В июле их забрали из камеры; сначала одного, а через два дня другого. После того как первый был уведен, другой оставался в углу, не спуская глаз с решетки двери, обняв колени руками. Я думаю, что он не спал по ночам, и когда охранник приносил пищу, он не хватал ее, как раньше, а ел медленно, безразлично. Удушающая жара не давала мне спать тоже; я предложил ему свою воду (иногда они вдвоем выпивали мою воду, пока я спал), но он вернул мне чашку, не дотронувшись. Когда стражники пришли за ним, они стали пинать его сапогами, потому что он не двигался. Им пришлось вынести его, и не потому, что их жестокость заставила его распластаться на цементном полу, просто его истощенное тело не могло выдержать очередных побоев. Я не знаю, пытали ли их, убили ли их или просто перевели в другие камеры; и я не уверен, смогли бы они сохранить свою дружбу, получив свободу, или по приказу начальства стали бы опять врагами.

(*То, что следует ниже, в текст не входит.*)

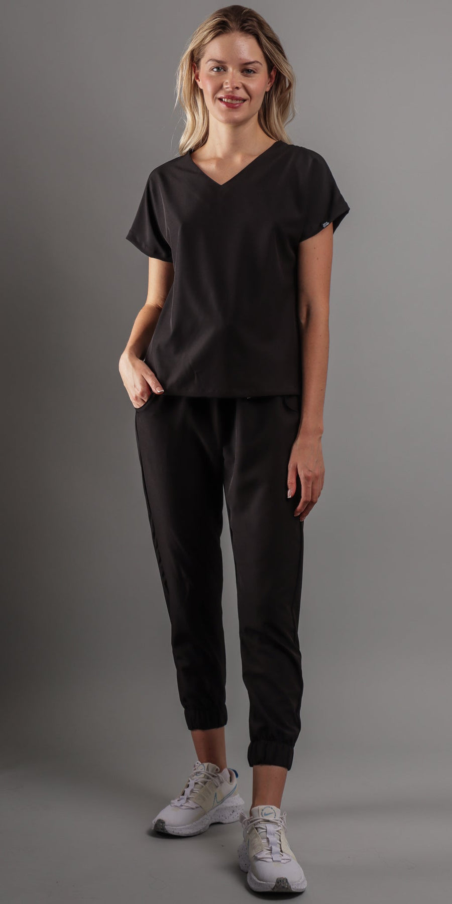 Estilo Elegante con Cuello en V: La parte alta del scrub presenta un favorecedor cuello en V, agregando un toque de sofisticación a tu atuendo. El corte moderno te asegura lucir diferente y a la moda en todo momento.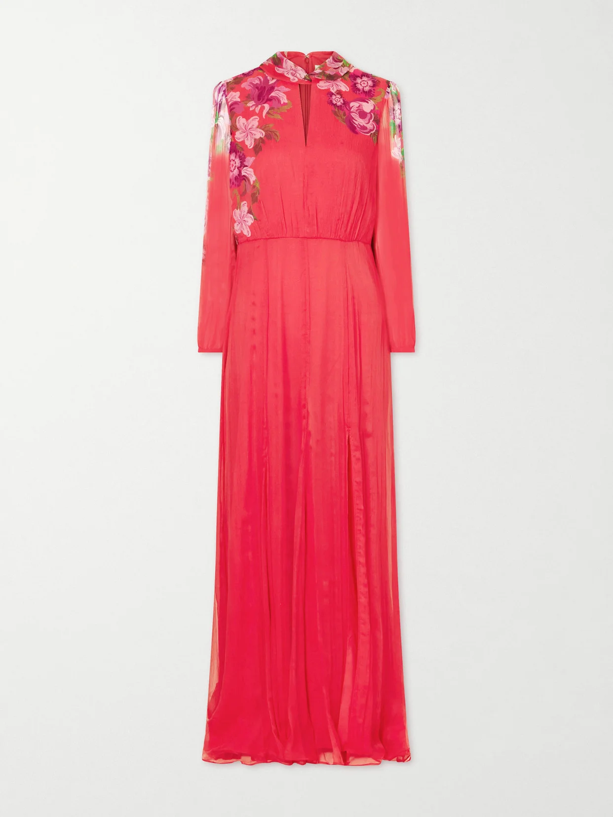 Saloni's 'Jaclyn' long dress captures the brand's romantic sensibility through a fluid lens. Cut from silk-crepon, the floor-length silhouette has a softly gathered bodice, sheer sleeves, and a gently flared skirt, while floral motifs add depth and movement.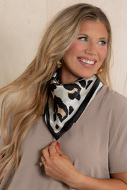 Enhance your style with our Wild Child Ivory Scarf. This square scarf features a bold leopard print pattern that adds a touch of edginess to any outfit. Let your wild side shine through with this must-have accessory.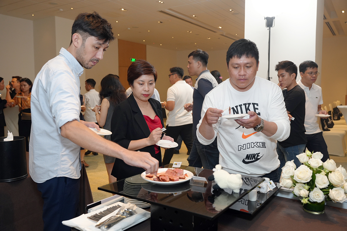 Buổi tối của sự kiện là một hành trình ẩm thực đa văn hóa thực sự, nơi các khách mời được thưởng thức những món ăn đặc sắc được chế biến bởi chính các Lambassador, tạo nên những cuộc trò chuyện đầy cảm hứng và cơ hội giao lưu giá trị. Lambassador Francis Thuận, nhà sáng lập và bếp trưởng nhà hàng Nephele rất hào hứng chia sẻ: “Cừu là nguồn nguyên liệu rất tốt cho sức khỏe, nhưng ở Việt Nam chưa có thói quen tiêu dùng. Tôi có cơ hội trở thành Đại sứ thịt cừu từ 2022 và đi thăm quan thực tế từ trang trại đến bàn ăn tại Úc, trong thực đơn nhà hàng của tôi thường xuyên có món cừu. Và tôi luôn muốn giới thiệu với nhiều người hơn về cách chế biến thịt cừu gần gũi và quen thuộc với người Việt Nam.”

Сначала я ожидал их возвращения, потом стал ждать новых сокамерников. Вместо этого меня перевели в одиночную камеру, много меньше прежней. К этому времени я уже больше не думал о будущем; я стал вспоминать малейшие детали своей жизни в Китае, стараясь уложить их в хронологическом порядке, но порядок мне не давался, и воспоминания продолжали оставаться неуловимыми.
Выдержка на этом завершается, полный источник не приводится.